# Cost of 1 Austrolorp roosters in other countries?



## Chans_Farm (Apr 27, 2014)

*Cost of Austrolorp roosters in other countries?*

One 1 Austrolorp rooster can cost $100 USD, here in Cambodia. This is for a full grown bird.

Can anyone tell me what they currently cost in other countries, please?


----------



## robin416 (Sep 8, 2013)

For a show bird, any breed rooster here can easily cost 100. It goes down from there. It all depends on the market, how well the bird meets the standard of perfection and its breeder.


----------



## Chans_Farm (Apr 27, 2014)

Wow. Okay. I am under the impression these are sold solely for reproducing. No show birds in Cambodia, as far as I know?


----------



## robin416 (Sep 8, 2013)

Don't ask me, I don't live there. 

There must be a reason they appear to be that expensive there. Where did your info come from? Are they playing you because you're not native born? 

Now you've got me curious.


----------



## Chans_Farm (Apr 27, 2014)

They were originally imported here by an Australian who lives in country.

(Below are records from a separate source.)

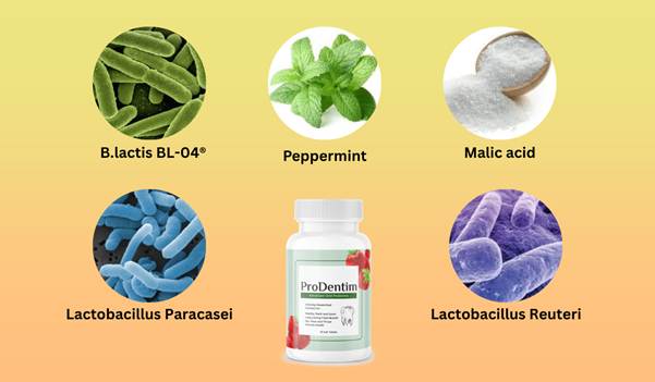 ProDentim combines a thoughtfully selected blend of natural and probiotic-based ingredients, each chosen for its role in supporting oral health. The primary focus is on balancing the oral microbiome, helping to address the root causes behind common dental concerns like bad breath, gum irritation, and plaque accumulation.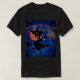 Halloween Hexenkunst, die ihren Besen mit orangefarbenem Halloween-Mond und schwarzer Katze und Text reitet. Dunkelblauer Himmelshintergrund auf schwarzem Shirt.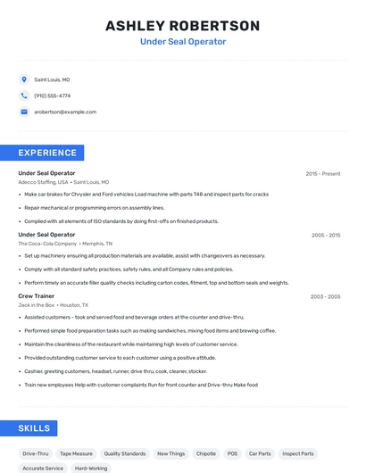 The most important skills for an under seal operator resume and required skills for an under seal operator to have include: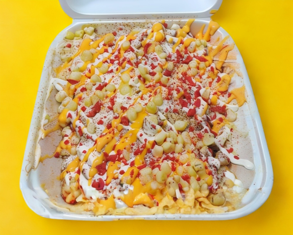 Dentro de una charola va unas conchitas provi, bañadas en mayonesa, salsa de la casa, elote, queso fresco, limón, sal, crema, queso amarillo y el ingrediente secreto.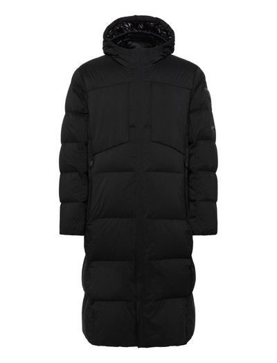 Offering warmth and protection, this padded coat features a longline silhouette. The design incorporates a hood for added coverage and a quilted construction for even insulation.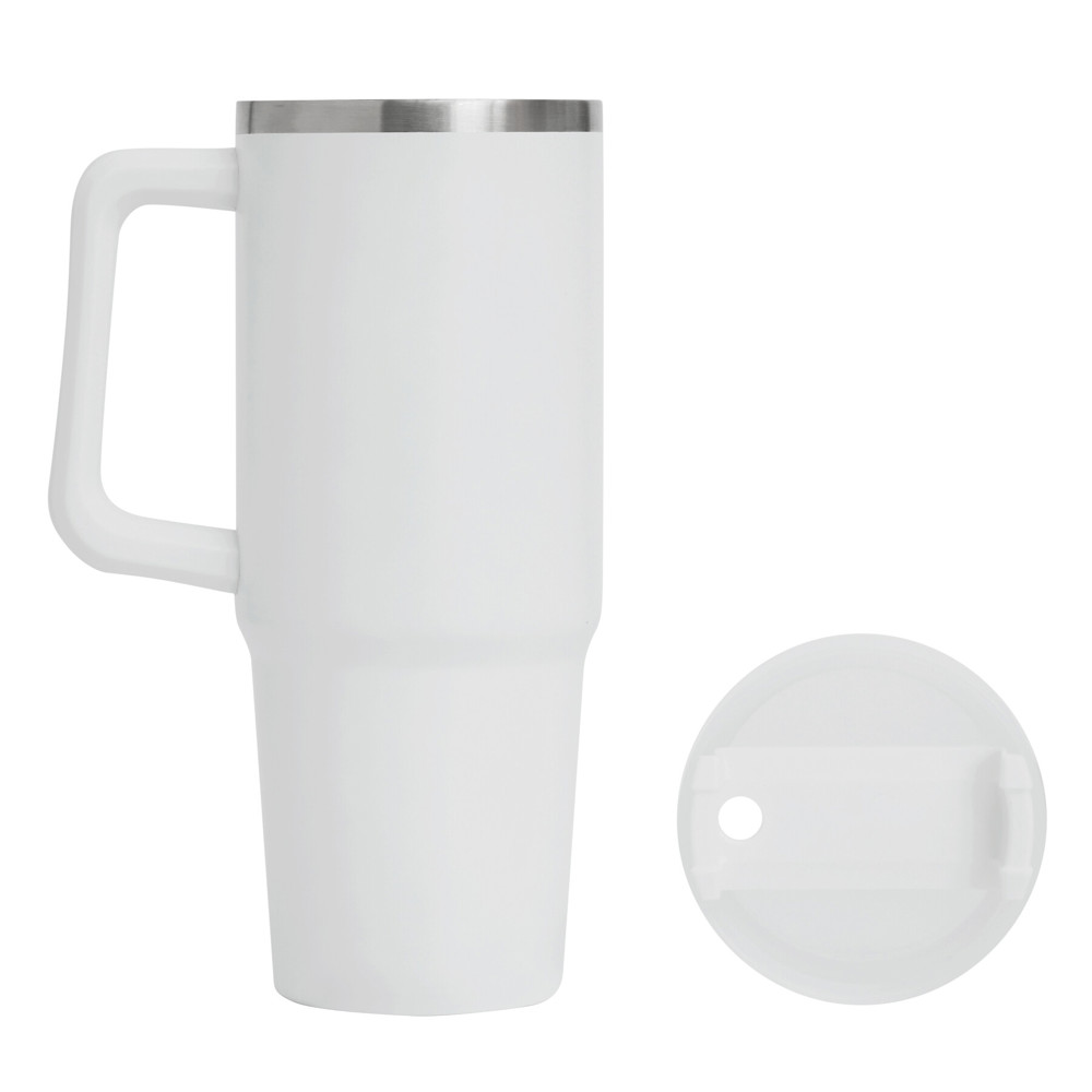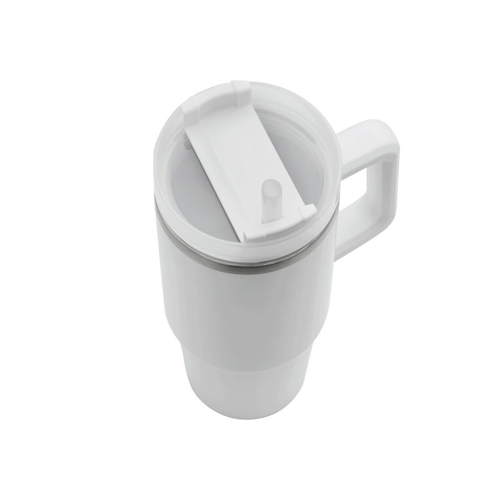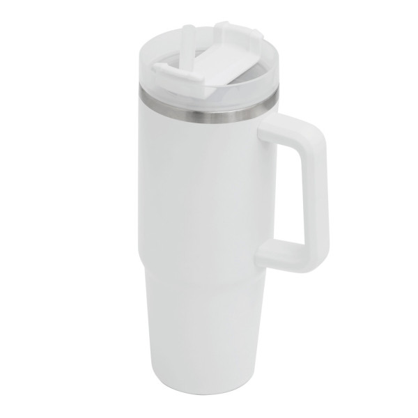Vakuum-Isolierbecher DRINK DELUXE, doppelwandig: innen und außen aus Edelstahl, mit praktischem Griff, milchig-transparenter Kunststoff-Deckel mit sicherem Schraubverschluss, Silikon-Dichtring, Trinköffnung mit Drehverschluss und transparentem Strohhalm, beschichteter Boden für gute Oberflächenhaftung, Füllmenge ca. 900 ml, hält ca. 5 Stunden warm und bis zu 10 Stunden kalt, in Box

Apparently, he is the only one who has them - roosters and hens. He will ONLY sell the roosters, though, and sells them for $100 each. I guess that is the way to have complete control over the genetics? 

I guess I need to sort out how to get a few Austrolorp hens and roosters here!

I recently began buying Silkies. I get full grown birds for $6.50 to $7.00 USD per bird.


----------



## nj2wv (Aug 27, 2013)

I bought my black australorp from southern states which is a farm and feed store for $2.49 USD. She probably is not up to show standards but she lays an egg almost every day , she is friendly and I incubated and now have a few of her mixed breed babies. She is best in show in my coop !


----------



## Chans_Farm (Apr 27, 2014)

Looks like I need to import some chickens!


----------



## robin416 (Sep 8, 2013)

Look to see what it would take to get hatching eggs sent in. 

If he's had those birds for long that means his genetics are pretty tightly related, might not be where you want to go. I would track him down and ask if that's true. It kind of smells. Who wants to pay a 100 bucks for a rooster that is in essence useless? Do you know anyone that would pay that much for a rooster for their stew pot?


----------



## Fiere (Feb 26, 2014)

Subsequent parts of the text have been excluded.